Partial Fraction Solution? This is the original fraction : $$\dfrac{8s^2}{(2s-3)^3}$$
From this I get : 
$$4As^2 - 12As + 9A + 2Bs - 3B + C = 8s^2$$
On the solution it says $4A = 8, A=2$, okay I understand this, $4As^2 = 8s^2$, and the rest is cancelled in the equation since there is only one $s^2$, but how $B=12$ and $C = 18$, I don't understand, can somebody explain please?
 A: $$\begin{align} -12 As + 2 Bs = 0s &\implies -12 A + 2B = 0 \\ \\ &\iff -12(2) + 2B = 0 \tag{A = 2}\\ \\ &\iff 2B = 24 \\ \\ &\iff B = 12\tag{B = 12}\end{align}$$
Do likewise for the constant term: $$9A - 3B + C = 0$$ Substitute into the equation your values $A = 2,\; B= 12$ to solve  for $C$.
A: As alternative to expanding polynomial expression and equating coefficients as you have done, you can exploit the fact that two polynomials are equal iff they have the same values for all possible values of the variable. So starting with $8s^2 = A(2s-3)^2 + B(2s-3) + C$, we can choose values for $s$ and equate both sides. This can be a much faster method for partial fractions with lots of factors in the denominator. For your problem, I'd pick $s=\frac{3}{2}, 1, 2$ and evaluate them in that order. The reason for those numbers is that $\frac{3}{2}$ is the solution to the linear factors present so it makes for easy evaluation. The other two are chosen because they yield easy to work with results from $2s-3$.
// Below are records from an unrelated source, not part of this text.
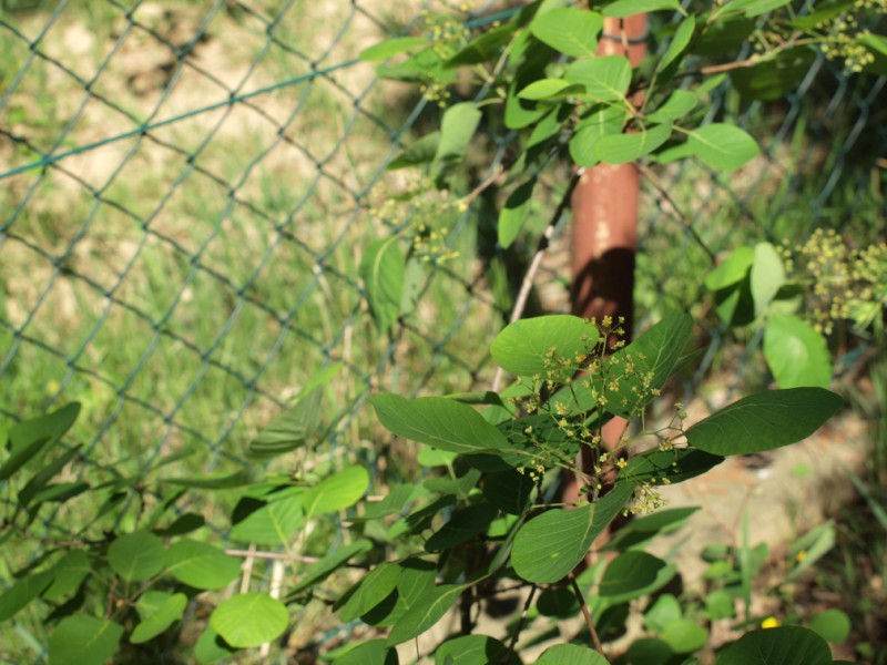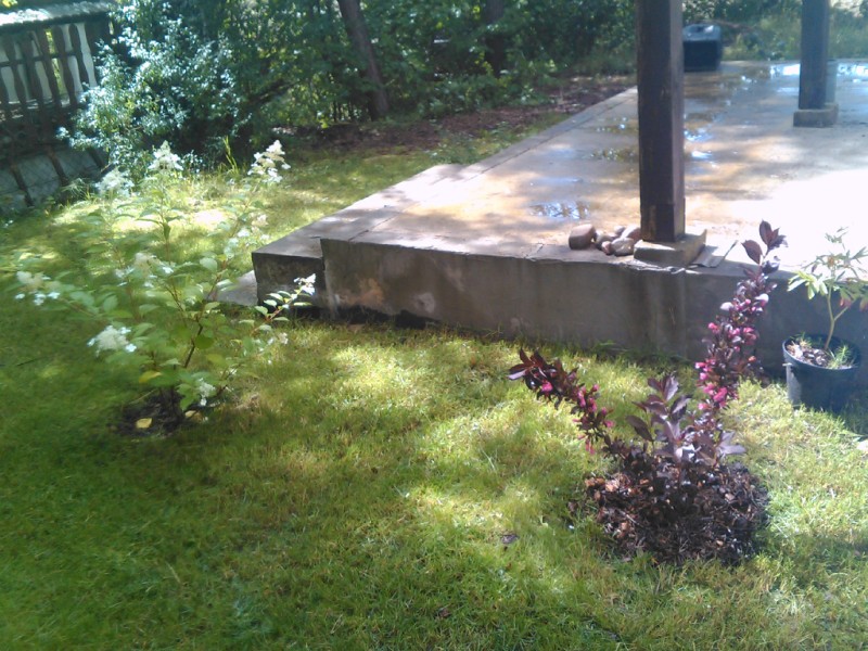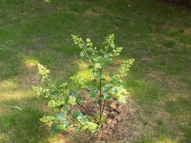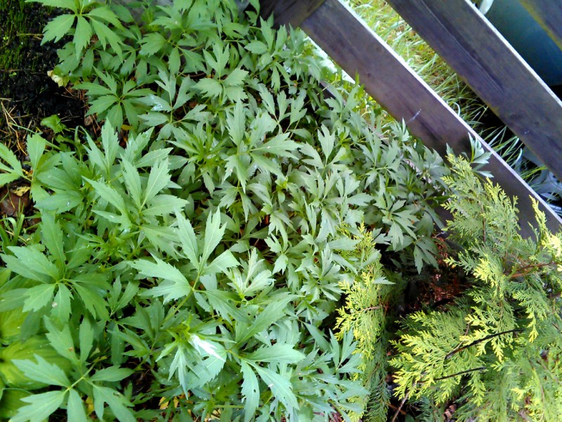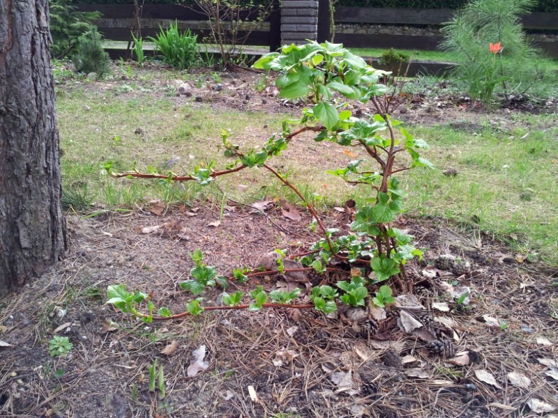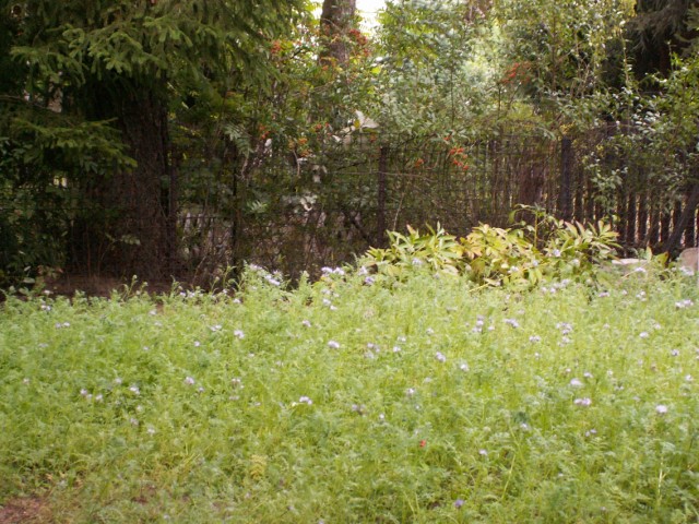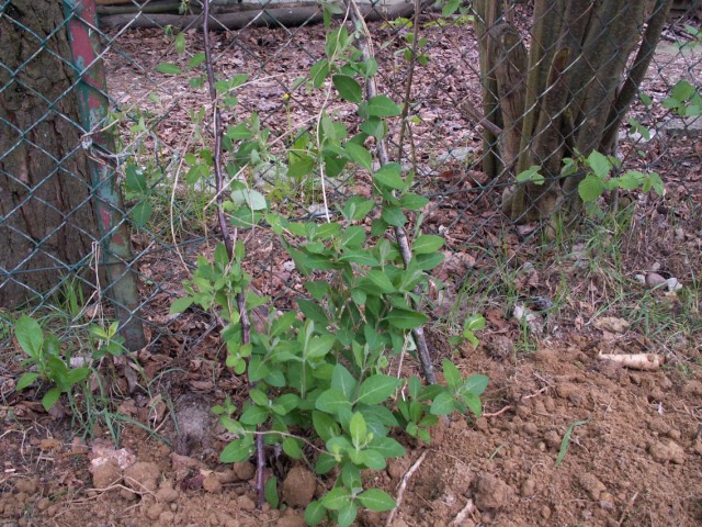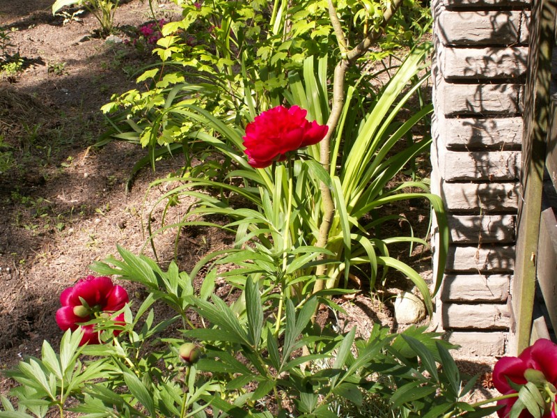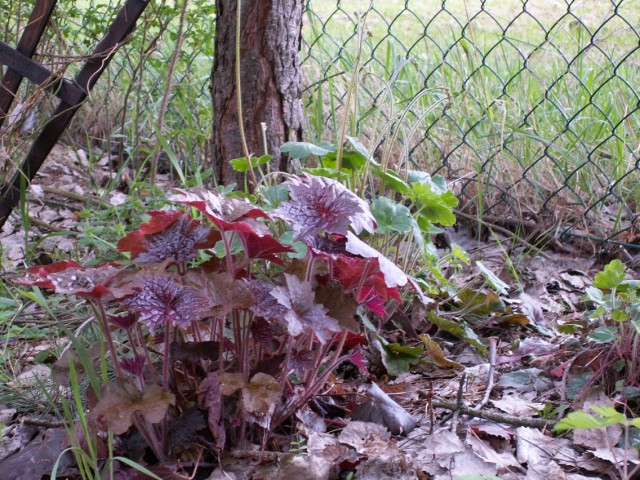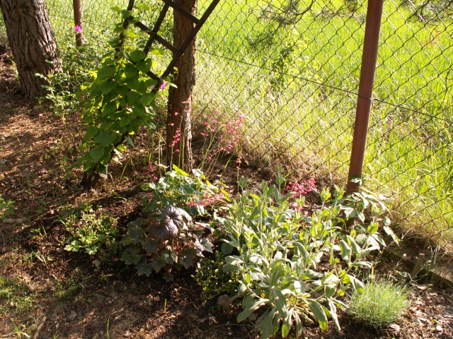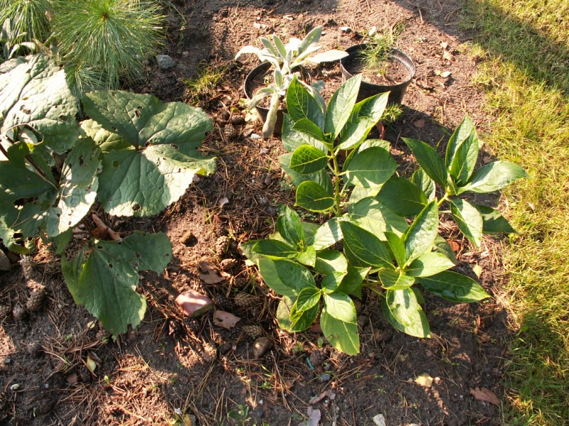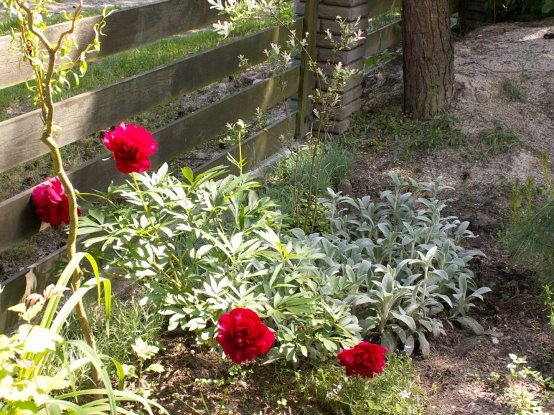 Posadziłam jeszcze tuż przy siatce dwa krzaczki mahonii ostrolistnej, która również dobrze rośnie w cieniu. Okazało się jednak, że mój cienisty zakątek tylko wczesną wiosną, za sprawą topniejących śniegów, ma tak cudownie wilgotne podłoże. Wraz z czasem i rosnącą temperaturą ogród pokazał całą prawdę o sobie: ziemia tu sucha, piaszczysta, w sam raz dla sosen, perzu i podagrycznika!. Całe pięć dni nieobecności w ogrodzie przy bezdeszczowej pogodzie sieje straszne spustoszenia! Konieczne będzie nawiezienie dobrej ziemi i nawadnianie, nawadnianie… Ale przedtem należało wyrównać teren, a do tego podchodziliśmy z dużymi obawami. Bez kopareczki, tylko szpadel i taczka…
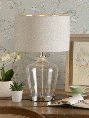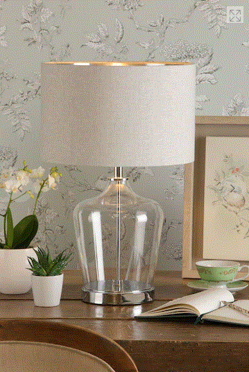 The Ockley Table Lamp by Laura Ashley features a touch on/off polished chrome plinth beneath a clear glass vase. With a three stage touch switch function, simply touch once to turn on and again to dim and then to turn of.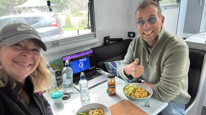 Cooked curry for dinner in the kitchen and chatted to some fellow campers. Final task for the day was tag-team showering at the facilities - saving money by using one $2 worth of hot water between the two of us! Happy to have clean hair & no more 80s shaggy perm!!!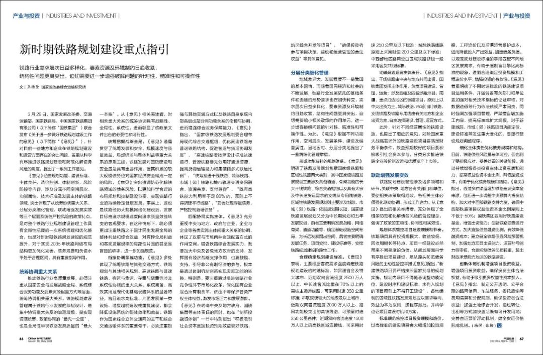 3月29日,国家发展改革委、交通运输部、国家铁路局、中国国家铁路集团有限公司(以下简称“国铁集团”)联合发布《关于进一步做好铁路规划建设工作的意见》(以下简称“《意见》”),针对目前一些地方和企业在铁路规划建设和运营方面存在的突出问题,着重从科学有序推进铁路规划建设和防范化解债务风险的角度,提出了一系列工作意见。 《意见》涵盖规划功能、建设标准、主体责任、造价控制、体制创新、风险防控等内容,涉及分属不同空间层次、功能属性、技术标准及发展主体的铁路领域,突出体现了从统筹协调重大关系、分层分类细化管理、联动增强发展实效等三个层面系统性严控风险的政策特点,是对整个铁路行业规划建设管理工作具有全局性把握的一次系统梳理和优化整合,也是对新时期铁路规划建设的规范提升,对于实现2035年铁路网络布局结构更加优化完善,债务规模和负债水平处于合理区间,具有重要指导作用。 统筹协调重大关系 推动铁路行业高质量发展,必须注重从国家安全与发展战略全局、系统综合服务功能及要素资源配置方式等层面,统筹协调相关重大关系。铁路规划建设管理属于铁路行业发展的顶层设计,是集中协调重大关系的治理层级,是实现资源统筹、政策协同的“最先一公里”,也是全局性审视铁路发展质量的“最大一本账”。从《意见》相关表述看,对相关重大关系的统筹协调具有战略性、全局性、系统性,进而彰显了该政策文件出台的必要性和可行性。 统筹把握战略全局。《意见》通篇贯穿了统筹发展和安全、规模速度与质量效益、局部诉求与整体利益等重大关系的原则主线。铁路发展对国防建设和安全应急具有重要作用,但其积累的较大规模债务也对国家经济安全构成一定的风险。《意见》突出强调防范化解铁路领域的债务风险,以更加科学合理的布局规划和控制建设节奏,实现铁路行业的持续稳定健康发展。事实上,这也是铁路经历大规模网络化建设后,发展目标由追求规模速度向追求质量效益转变的客观要求。在这种情形下,就必须更加注重铁路之于国计民生发展全局的整体利益和综合效益,对有悖全局利益和客观发展规律的局部性片面的甚至是盲目的诉求,进一步加强规范。 衔接协调系统功能。《意见》多处体现了统筹铁路与其他交通方式、铁路规划与其他相关规划、高速铁路与普速铁路、客运与货运、存量与增量等涉及系统性协调的重大关系。系统完备、高效实用是现代化基础设施体系的显著特征,盲目追求高标准、片面发展某一类设施、过度超前建设或重复建设,都会降低设施系统的整体效率和效益。铁路作为国家综合立体交通网的主干和综合交通运输体系的重要骨干,必须注重加强与其他交通方式以及铁路自身系统内部各组成部分间功能关系的衔接与协调,进而增强综合服务保障能力。《意见》指出,“国家级铁路发展规划要合理布局现代综合交通枢纽,优化高速铁路与普速铁路结构,促进客运与货运协调发展”,“高速铁路要按照设计标准达速运行,普速铁路要充分用好通道资源,提高货物运输能力和集装箱多式联运比例”,“统筹推进干线铁路、城际铁路、市域(郊)铁路和城市轨道交通多网融合、资源共享、支付兼容”,“既有高铁能力利用率不足80%的,原则上不得新建平行线路”,“妥善处理存量债务,严格控制新增债务”。 匹配协同实施主体。《意见》充分重视中央与地方、政府与企业、企业与企业等各类实施主体间重大关系的协调,体现了政府与市场两种资源配置方式的作用空间。增强铁路综合发展实力,既要加大中央及各级地方政府的支持,发挥国有经济战略支撑作用,也要鼓励、支持、引导非公有制经济的参与,根本是通过体制机制创新实现发展动能的转换,特别是,要注重通过推进铁路行业竞争性环节市场化改革,深化国有企业混合所有制改革,依法平等保护各类产权主体权益,激发市场活力和发展潜能。《意见》在明确中央及地方政府、国铁集团等主体责任的同时,也在“创新投融资体制”一节中特别指出“积极吸引社会资本直接投资预期效益较好铁路、站区综合开发等项目”,“确保投资者参与项目决策、建设和运营管理的合法权益”等具体意见。 分层分类细化管理 地域差异大、发展程度不一是我国的基本国情,而随着国民经济和社会的不断发展,铁路行业发展依托的基础条件和面临的形势要求也在加快转变,需求层次日益多样化,要素资源及环境制约日趋收紧,结构性问题更具突出,迫切需要缩小相关政策的作用单元,进一步增强破解问题的针对性、精准性和可操作性。为此,《意见》根据不同功能作用、空间层次、发展条件、建设及经营属性,因地因时、分层分类地提出了一些精细化管理举措。 形成功能互补的规划体系。《意见》明确了铁路发展规划包括国家级铁路和区域性铁路两大类别,其中国家级铁路发展规划主要涉及具备通道、骨架功能的长大干线铁路、综合交通枢纽以及具有大宗及中长途货运需求的支线及专用线铁路,区域性铁路发展规划则主要涉及城际、市域(郊)铁路;依据规划期长短,国家级铁路发展规划又分为中长期规划和五年发展规划,前者主要明确发展战略、网络骨架、通道功能等,确定基础设施空间布局,为长远发展留出空间,后者主要明确

$s=\frac{3}{2} \Longrightarrow 8(\frac{3}{2})^2 = 18 = A(0)^2 + B(0)^2 +C \Longleftrightarrow C = 18$
$s = 1 \Longrightarrow 8(1)^2 = A(-1)^2 + B(-1) + C \Longleftrightarrow 8 = A - B + 18 \Longleftrightarrow A - B = -10$
$s = 2 \Longrightarrow 8(2)^2 = A(1)^2 + B(1) + C \Longleftrightarrow 32 = A + B + 18 \Longleftrightarrow A + B = 14$ 
A very quick solve the system of equation generated from $s=1$ and $s=2$ yields that $A = 2$ and $B=12$.